# an egg



## yuechu

大家好！

I'm learning some Cantonese and in the video, it explains that the word egg (鸡蛋) can take the 量词 "只". Is this the same in Mandarin or would it normally simply be “个"?
Thanks!


----------



## WellingtonZ

Hey pal
I don't know how the expression is in Cantonese, but in Mandarin we prefer "个" to "只" when it comes to describe eggs. And "只" is more often used to describe "鸡" than "鸡蛋" 
i.e. 一只鸡／一个鸡蛋


----------



## yuechu

Oh ok! That's what I thought. Thanks for your help, WellingtonZ!


----------



## WellingtonZ

baosheng said:


> Oh ok! That's what I thought. Thanks for your help, WellingtonZ!


You're welcome


----------



## brofeelgood

隻 is widely used when counting eggs in Cantonese. You see it in recipes all the time:
. 水1碗
. 鹽2克
. 雞蛋2隻

一粒蛋, 一隻蛋 and 一個蛋 all sound fine to me.

In Mandarin, I'm more inclined to use 個, 粒 and 顆, but never 只/隻.


----------



## fyl

To me, 一只鸡蛋 isn't wrong in Mandarin, though it may not be as common as 一个.
个、只、枚、颗 are all OK. 粒 is a rare one to me.


----------



## Skatinginbc

隻：成雙成對, 成組成群之物的單件, 如, 一隻眼, 一隻手, 一隻獠牙, 一隻筷子, 一隻雁, 一隻羊。
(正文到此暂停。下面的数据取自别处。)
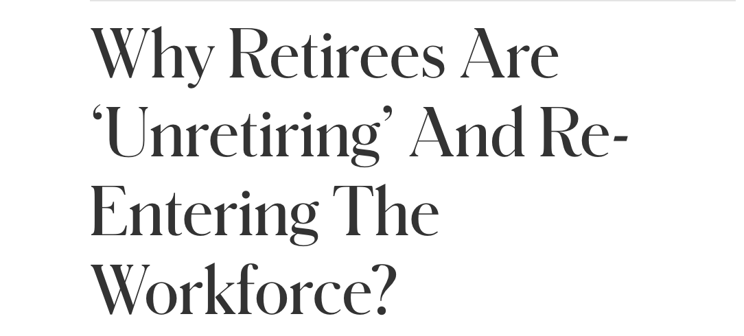 Since March 2022, 1.5 million Americans have “unretired.” And this dark Forbes headline from September poses the obvious question:
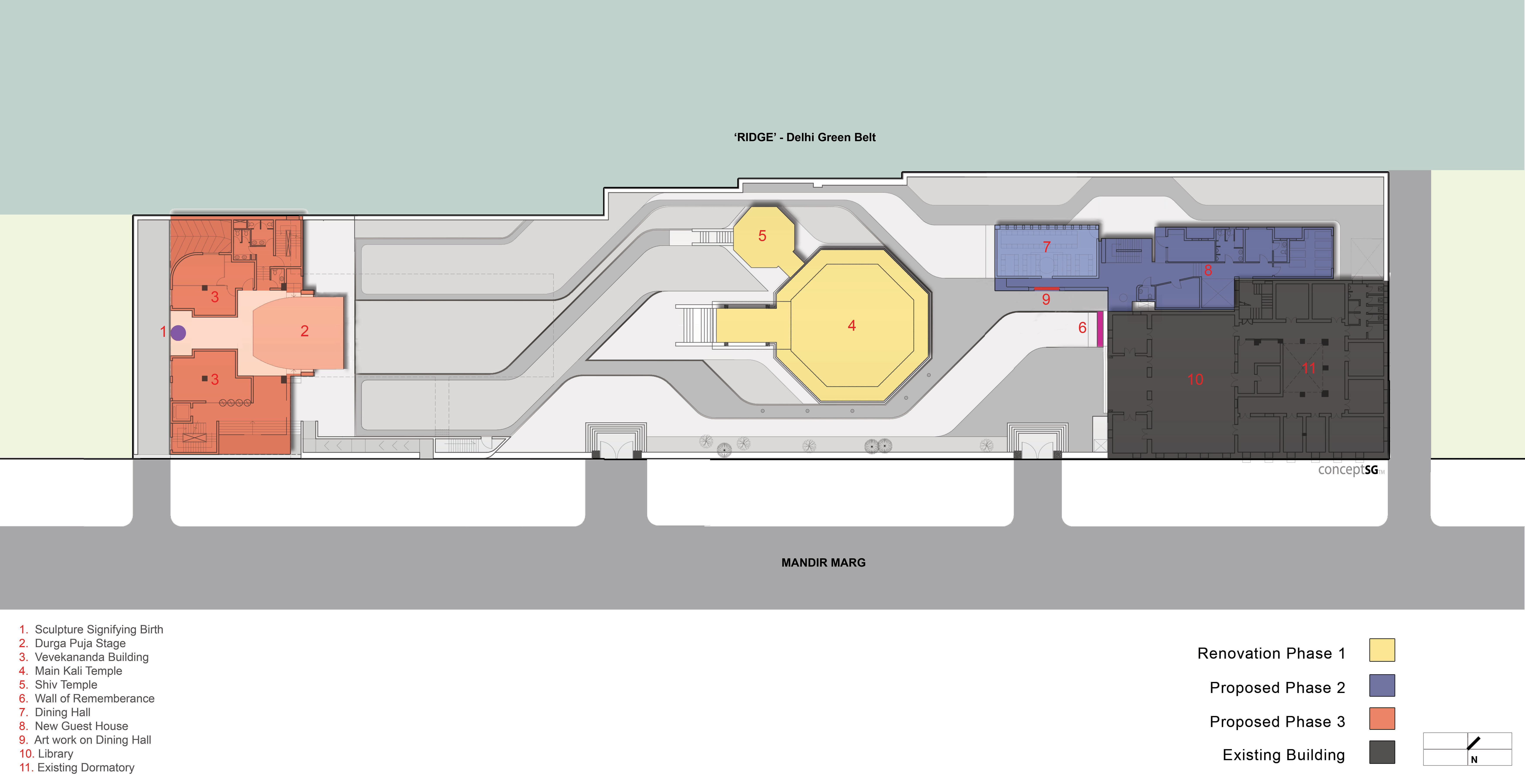 The drawing was prepared together with the 3D of the masterplan to integrate the temple, its old buildings and new buildings. One can identify the conceptual narrative as a journey starting from the sculpture of birth, moving towards the work of the Kali goddess in the central worship place and culminating at the wall of remembrance. The landscape integrates the architecture of different time periods into a holistic continuity.
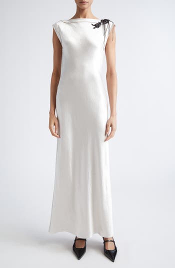 Embellished Cap Sleeve Washed Twill Gown
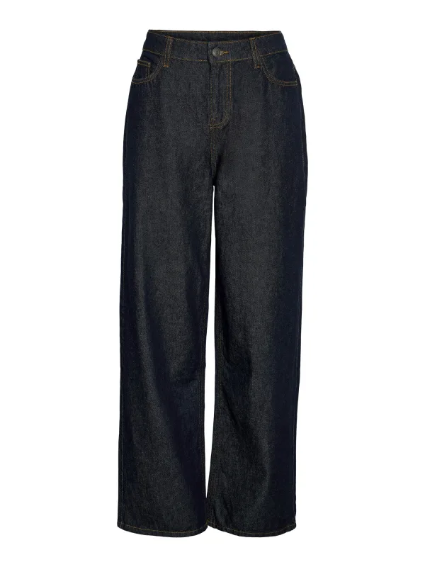 Design: Ritssluiting, 5-pocket-style; Type sluiting: Ritssluiting; Materiaal: Denim; Motief: Effen; Extra's: Contrasterende naden, Riemlussen; Wassing: Raw/unwashed; Lengte: Lang/maxi; Pasvorm: Loosefit; Taillehoogte: Mid waist
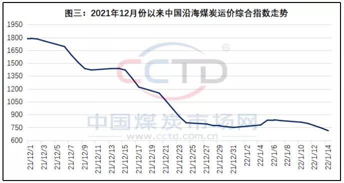 第三,春节前的集中备货需求逐渐舒缓。目前看,元旦过后出现的春节前补库或备货需求逐渐舒缓,一是部分需求已经基本得到解决;二是随着春节临近,各行各业的动力煤消费行将下降,抑制了部分采购需求;三是近期现货煤价上涨速度和上涨幅度均超出预期,对下游地区需求的抑制作用开始显现,其直接体现是,本报告期中国沿海煤炭运价综合指数继续下降,已经降至2021年3月份以来的低点(见图三)。
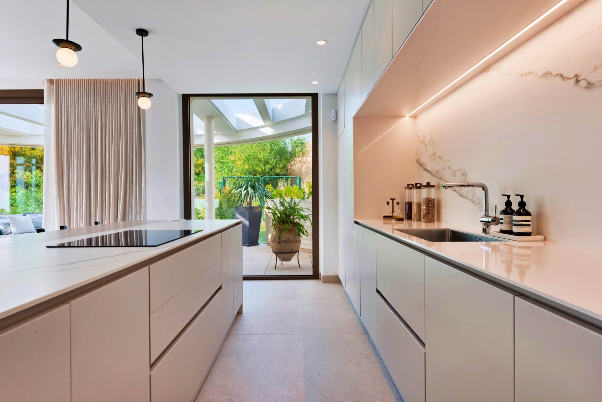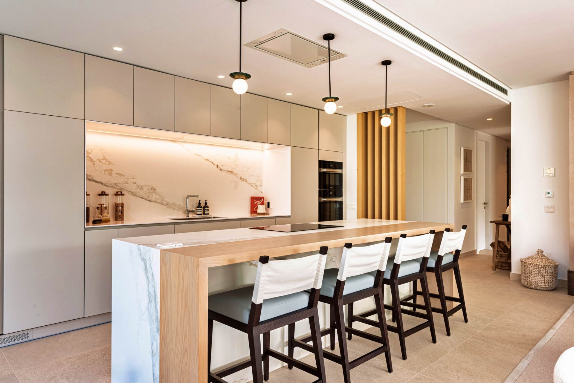 Den välutrustade öppna planen köket strömmar sömlöst in i levande och matplatser, som alla översvämmas med naturligt ljus tack vare golv till tak fönster, vilket ger en ljus och luftig atmosfär.
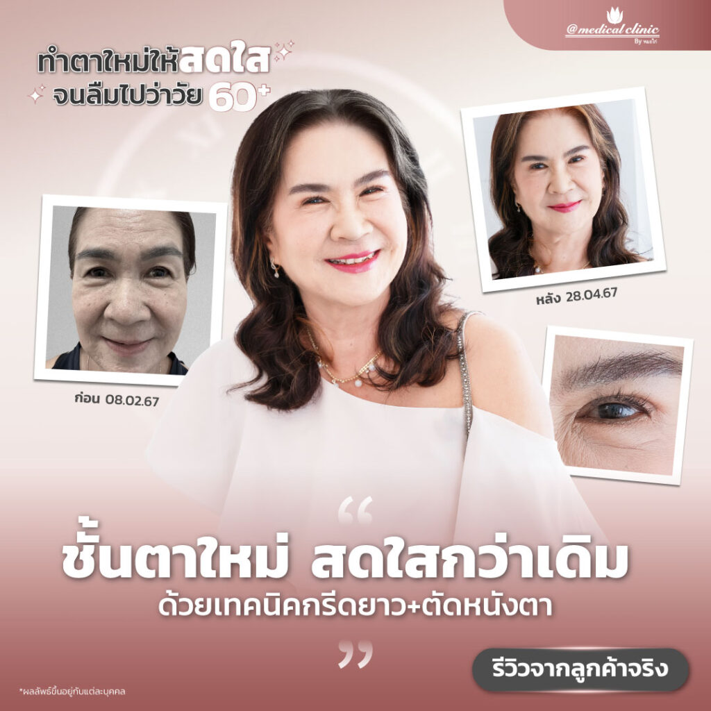 เหมาะกับคนที่มีปัญหาหนังตาตก หย่อนคล้อย ตาอูม หางตาตก ชอบชั้นตาคมชัด แก้ที่เคยทำศัลยกรรมตาสองชั้นมาแล้ว

只 (sometimes also written as 隻)：中空環狀物 (e.g., 一只鑽戒, 一只玉鐲, 一只金錶), 內裝異物的圓物 (e.g. 一只氣球, 一只蛋, 一只彈珠)或容器(一只箱子, 一只船, 一只蒸鍋).


----------



## Skatinginbc

Skatinginbc said:


> 內裝異物的圓物 (e.g. 一只氣球, 一只蛋, 一只彈珠)


Also, 一只桔子, 一只西瓜, 一只圆形竹筐中装着一条二丈八尺长的白绸, etc.


Skatinginbc said:


> 成組成群之物的單件


It may also occasionally apply to humans, for instance, 《平樂府志》一隻兵,  《維基百科》一隻球員, etc.


----------



## Chung Min Hui

for me is 一粒鸡蛋. Even you type the pinyin, it will show automatically.


----------



## SuperXW

Chung Min Hui said:


> for me is 一粒鸡蛋. Even you type the pinyin, it will show automatically.


In Mainland China, I agree with fyl (post#6). 粒 is more often for smaller rounded things, such as 一粒米, 一粒药.


----------



## retrogradedwithwind

不是还有一粒西瓜嘛


----------



## Messquito

In Taiwan, I'd say 只 as a quantifier is nearly completely obsolete. We use 顆 for eggs most often. Sometimes you can hear 個.
(I seldom hear 粒 for eggs, and I agree with #10, but since 粒 is use in Taiwanese Hokkien to replace 顆 in Mandarin, I can imagine some people opting for 粒 in Mandarin for it.)


----------



## brofeelgood

retrogradedwithwind said:


> 不是还有一粒西瓜嘛




这毫无疑问是南洋华人的专有说法。


----------



## Skatinginbc

Messquito said:


> In Taiwan, I'd say 只 as a quantifier is nearly completely obsolete.


量詞「只」在台灣似乎一直都局限於書面語, 從未在口語中流行過。我在台灣時雖沒「聽」過, 倒也「見」過。我上網搜尋了一下, 輕易便找到一些台灣「一只雞蛋」的近年文獻例子。以前不常見但存在, 現在仍不常見但存在, 幾十年過去了, 好像沒變, 「看」不出有面臨絕跡的跡象。


----------